If you do nothing else, you want a very clear idea of what your husband plans to do with his time and energy once he is retired. Figure out why he wants to retire ideally. Even my middle-schooler said “Why would someone retire early, retirement is for old people” and she’s right, it really is. Healthy people need and want to contribute to their families and ensure their families are emotionally healthy. I’d be worried about his physical and/or mental health if your assessment that he isn’t an ass is correct. A change in desire and behavior is an indicator of a problem.

for Windows 10

Anonymous
Anonymous wrote:I haven’t read all the replies, but I agree with the OP.
I am a SAHM (at least for now) of two elementary age kids. I do 100% of school drop-offs and pick-ups, taking kids to and from sports/activities/appointments, watching the kids on school holidays/snow days, etc. I also do about 90% of the shopping and cooking and most of the housework. Why wouldn’t I? All of this is the point & benefit of having one parent home. Why should the working parent pick up extra work when one parent isn’t working for money?

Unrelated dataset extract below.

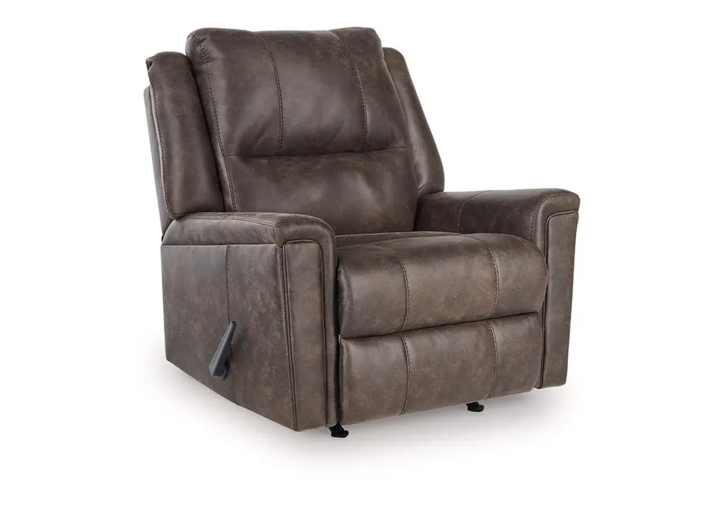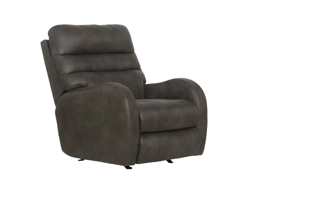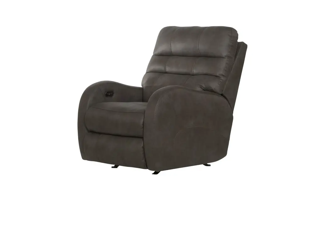 Gadson is a Power Rocker recliner with a triple pub back, stylish radius arm, and convenient power button with USB charging port. Choose rich Taupe or cool Steel grey faux leather fabric. Weight 95.000 lbs. (42.75kgs.)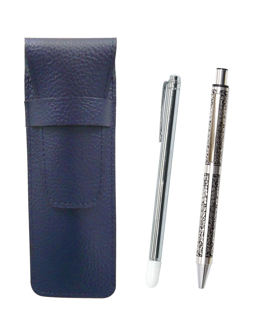 Футляр для карандашей из зернистой кожи, синий металлический индикатор и толстый стержень NQ30, набор из металлической шариковой ручки с прямым стуком, виноградный SASL-701S-NQ30B-V

Also, I think it’s funny how people on DCUM love to call people like me lazy, but think OP’s husband deserves a break.


Because he worked a real job for 30 years
Anonymous
Anonymous wrote:
Anonymous wrote:I haven’t read all the replies, but I agree with the OP.
I am a SAHM (at least for now) of two elementary age kids. I do 100% of school drop-offs and pick-ups, taking kids to and from sports/activities/appointments, watching the kids on school holidays/snow days, etc. I also do about 90% of the shopping and cooking and most of the housework. Why wouldn’t I? All of this is the point & benefit of having one parent home. Why should the working parent pick up extra work when one parent isn’t working for money?

Also, I think it’s funny how people on DCUM love to call people like me lazy, but think OP’s husband deserves a break.


Because he worked a real job for 30 years


And expects wife #2 to pay for her stepson’s education while he retires early. He’s a real winner! Where can I get someone like that??
Anonymous
Anonymous wrote:
Anonymous wrote:This is so silly. He's retiring from work, not from life. If you didn't have a kid but you had a dog, would retirement mean he suddenly isn't responsible for walking the dog?


Sounds like he’s saying they should both walk the dog 50% of the time. He shouldn’t have to walk the dog 100% of the time just because he’s home all day.


Disagree. If OP leaves before dog needed to be walked and gets home after dog needed to be walked, then OP’s husband should walk the dog. Similarly, OP has been leaving early (before drop off) to get work done early enough to pick up. There’s no reason OP’s husband can’t pick up so that OP can go in at a normal time.
Anonymous
Anonymous wrote:Good luck. I’m about 6 years out from a similar situation. I’m seriously considering separating due to my resentment at his retirement with kids still at home and all the usual home care. He picks and chooses what random project he wants to work on after sleeping in bc he binge watched Netflix. I thought a little time doing this was ok, but it’s been years. Every discussion is “but I retired”. Please work this out BEFORE he actually retires.


A trial separation may be the wake up call he needs.